Beyond these topline findings, the report surfaces several additional themes that illustrate the complexity of this technological shift. For older consumers, the barrier is not just distrust but unfamiliarity. More than 4 in 10 boomers who do not use generative AI cite lack of exposure as the primary reason. Privacy concerns follow. Younger non-users, however, are less deterred by trust and more by a sense that the tools may reshape labor markets in ways that affect others, not just themselves.
The report also highlights how consumers use generative AI in practice. Across all groups, work tasks such as drafting messages, conducting research or automating administrative activities are common uses. Creative tasks and educational assistance follow.

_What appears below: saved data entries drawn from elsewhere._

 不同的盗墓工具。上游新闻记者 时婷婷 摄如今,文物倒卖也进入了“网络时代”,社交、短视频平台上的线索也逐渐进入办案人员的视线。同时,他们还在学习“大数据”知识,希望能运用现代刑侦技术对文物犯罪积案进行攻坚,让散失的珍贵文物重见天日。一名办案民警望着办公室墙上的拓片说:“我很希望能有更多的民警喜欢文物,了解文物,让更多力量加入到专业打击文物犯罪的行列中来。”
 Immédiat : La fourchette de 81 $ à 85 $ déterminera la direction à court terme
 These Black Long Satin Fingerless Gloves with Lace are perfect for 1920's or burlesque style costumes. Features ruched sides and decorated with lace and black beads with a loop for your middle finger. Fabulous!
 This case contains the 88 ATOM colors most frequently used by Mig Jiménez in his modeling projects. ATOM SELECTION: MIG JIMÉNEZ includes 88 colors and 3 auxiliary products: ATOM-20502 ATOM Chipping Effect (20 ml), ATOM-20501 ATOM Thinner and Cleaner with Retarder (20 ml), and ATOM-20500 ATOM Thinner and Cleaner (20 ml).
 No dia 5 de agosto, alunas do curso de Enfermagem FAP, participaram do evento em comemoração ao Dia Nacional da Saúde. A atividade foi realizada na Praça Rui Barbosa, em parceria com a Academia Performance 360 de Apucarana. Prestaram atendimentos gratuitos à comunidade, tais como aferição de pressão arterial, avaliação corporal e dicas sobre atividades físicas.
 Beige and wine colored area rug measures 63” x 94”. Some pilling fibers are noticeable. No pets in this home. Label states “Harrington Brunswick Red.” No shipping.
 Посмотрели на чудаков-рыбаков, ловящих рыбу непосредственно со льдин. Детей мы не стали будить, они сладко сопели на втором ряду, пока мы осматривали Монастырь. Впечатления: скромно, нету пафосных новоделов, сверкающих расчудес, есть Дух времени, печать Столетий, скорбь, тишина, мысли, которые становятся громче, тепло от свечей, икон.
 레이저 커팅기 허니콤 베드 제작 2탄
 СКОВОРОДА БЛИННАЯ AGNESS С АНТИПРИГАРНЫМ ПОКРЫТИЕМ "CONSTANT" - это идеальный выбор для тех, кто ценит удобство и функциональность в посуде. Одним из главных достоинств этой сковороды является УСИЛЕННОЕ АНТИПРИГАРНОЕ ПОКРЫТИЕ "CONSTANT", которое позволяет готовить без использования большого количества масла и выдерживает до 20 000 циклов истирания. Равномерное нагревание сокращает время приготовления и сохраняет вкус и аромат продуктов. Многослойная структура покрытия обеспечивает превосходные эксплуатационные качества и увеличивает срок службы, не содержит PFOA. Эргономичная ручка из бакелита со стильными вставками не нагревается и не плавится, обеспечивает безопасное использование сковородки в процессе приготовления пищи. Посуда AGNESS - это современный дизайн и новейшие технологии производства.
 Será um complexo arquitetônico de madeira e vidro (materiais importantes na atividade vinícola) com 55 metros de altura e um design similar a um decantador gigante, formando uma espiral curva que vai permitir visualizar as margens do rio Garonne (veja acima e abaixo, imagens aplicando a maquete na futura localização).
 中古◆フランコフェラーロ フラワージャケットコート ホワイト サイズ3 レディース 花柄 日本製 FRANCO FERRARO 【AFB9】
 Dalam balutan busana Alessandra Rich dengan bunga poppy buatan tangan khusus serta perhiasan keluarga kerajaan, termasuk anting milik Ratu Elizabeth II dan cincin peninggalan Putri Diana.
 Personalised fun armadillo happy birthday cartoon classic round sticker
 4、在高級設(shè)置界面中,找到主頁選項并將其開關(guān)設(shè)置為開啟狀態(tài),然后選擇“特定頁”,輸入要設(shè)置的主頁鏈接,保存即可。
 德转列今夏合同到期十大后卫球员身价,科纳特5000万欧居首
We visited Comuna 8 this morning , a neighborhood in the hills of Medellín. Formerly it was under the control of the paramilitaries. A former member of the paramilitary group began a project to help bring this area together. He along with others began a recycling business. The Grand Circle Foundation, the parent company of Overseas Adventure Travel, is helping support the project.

While retail settings have quietly embedded the technology through digital try-ons, recommendation engines and conversational service tools, many consumers who have not yet adopted generative AI imagine experimenting first with daily routines like shopping or navigation.
Satisfaction levels are high across age groups despite these concerns. The report points out that the gap between enthusiasm and unease is not evidence of blind optimism. Rather, it reflects that consumers are finding real value even as they remain alert to the risks.
With privacy fears, misinformation and potential job displacement weighing on the public, the adoption curve is likely to continue evolving as the technology becomes more visible and more regulated.
The generational divide around generative AI use is not simply a story about who embraces innovation fastest. It is a preview of how a technology that now spans entertainment, productivity and everyday errands will continue to reshape expectations across the economy.